---------- Material for the task
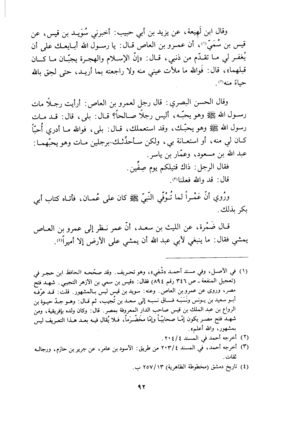 وَقَالَ الْحَسَنُ الْبَصْرِيُّ: قَالَ رَجُلٌ لِعَمْرِو بْنِ الْعَاصِ: أَرَأَيْتَ رَجُلًا مَاتَ رَسُولُ اللَّهِ صَلَّى اللَّهُ عليه وآله وَسَلَّمَ وَهُوَ يُحِبُّهُ، أَلَيْسَ رَجُلًا صَالِحًا؟ قَالَ: بَلَى، قَالَ: قَدْ مَاتَ رَسُولُ اللَّهِ صَلَّى الله عليه وآله وَسَلَّمَ وَهُوَ يُحِبُّكَ، وَقَدِ اسْتَعْمَلَكَ، قَالَ: بَلَى، فو الله مَا أَدْرِي أَحُبًّا كَانَ لِي مِنْهُ، أَوِ اسْتِعَانَةً بِي، وَلَكِنْ سَأُحَدِّثُكَ، بِرَجُلَيْنِ مَاتَ وَهُوَ يُحِبُّهُمَا:
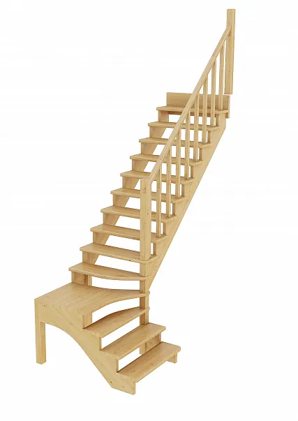Базовый комплект включает в себя деревянные элементы лестницы и ограждения без какого-либо покрытия.
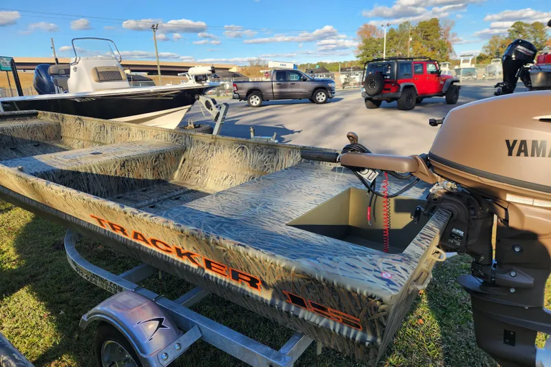 The NEW TRACKER GRIZZLY 15 Jon is a rugged and versatile all-welded aluminum jon boat, suitable for fishing, hunting, or work purposes. Its unitized stringer, transom, and hull ensure a sturdy build and a smooth, dry ride. The boat features a thick .063 aluminum cockpit floor and a 9.5-gallon wet well on the front deck. This hull provides a comfortable ride, and the Forest Green powder-coat finish adds to its durability. Additionally, the TRACKER PROMISE warranty offers peace of mind, making it a reliable choice among aluminum boats.
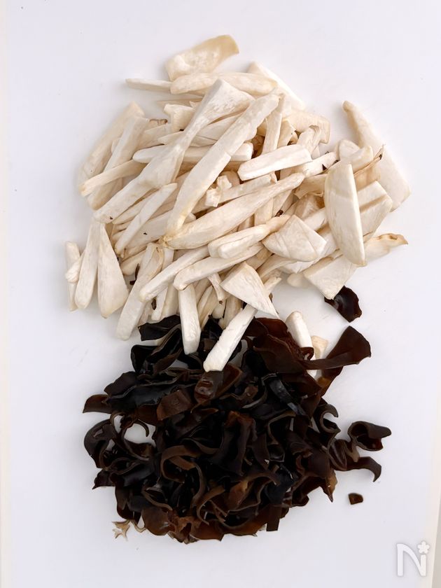 (1) きくらげ、エリンギは、石づきを取り、細切りにする。
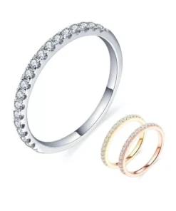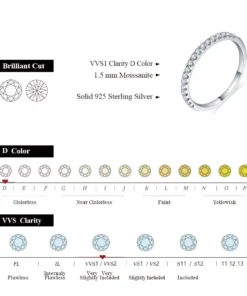 What sets this ring apart is its meticulous craftsmanship and premium materials. The ring boasts a total of 0.27 ct of round, excellent cut moissanite diamonds. Each of the 18 pieces is precision-cut, measuring 1.5mm, ensuring maximum brilliance and sparkle. The moissanite diamonds are of the highest quality – VVS EF grade, guaranteeing a flawless appearance. Set in 100% 925 sterling silver, the ring has a luxurious white gold appearance, complemented by a white rhodium plating that enhances its beauty and durability.
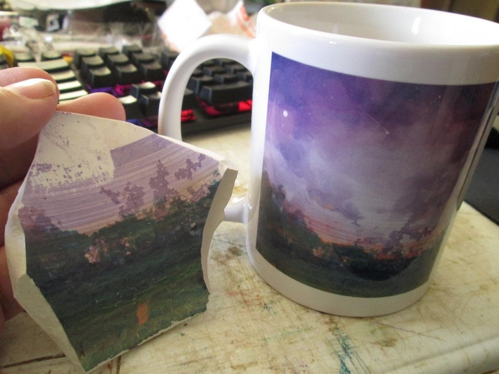 11 nappal ezelőtt egy képet posztoltam a törött festett bögrém belsejéről, majd egy másik Reddit felhasználó befejezte a jelenet megfestését. Ma érkezett egy csomag, amely teljessé tette az egészet
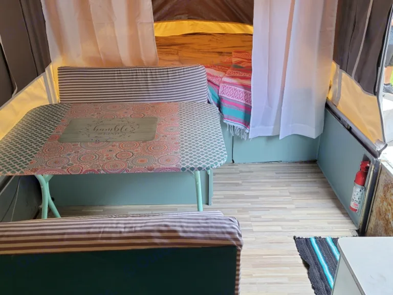 Completely re done 1988 coleman chesapeake pop up. New canvas. Mattresses. Cushions. Roof. Floor. You name it we re did it.
--------------------
(Task item):
Only the lines above from the one with "Базовый комплект включает" to the one with "(1) きくらげ、エリンギは、石づきを取り、細切りにする。" should be printed, both included and exactly as written; no picture belongs in the copy.

(Solution):
Базовый комплект включает в себя деревянные элементы лестницы и ограждения без какого-либо покрытия.
 The NEW TRACKER GRIZZLY 15 Jon is a rugged and versatile all-welded aluminum jon boat, suitable for fishing, hunting, or work purposes. Its unitized stringer, transom, and hull ensure a sturdy build and a smooth, dry ride. The boat features a thick .063 aluminum cockpit floor and a 9.5-gallon wet well on the front deck. This hull provides a comfortable ride, and the Forest Green powder-coat finish adds to its durability. Additionally, the TRACKER PROMISE warranty offers peace of mind, making it a reliable choice among aluminum boats.
 (1) きくらげ、エリンギは、石づきを取り、細切りにする。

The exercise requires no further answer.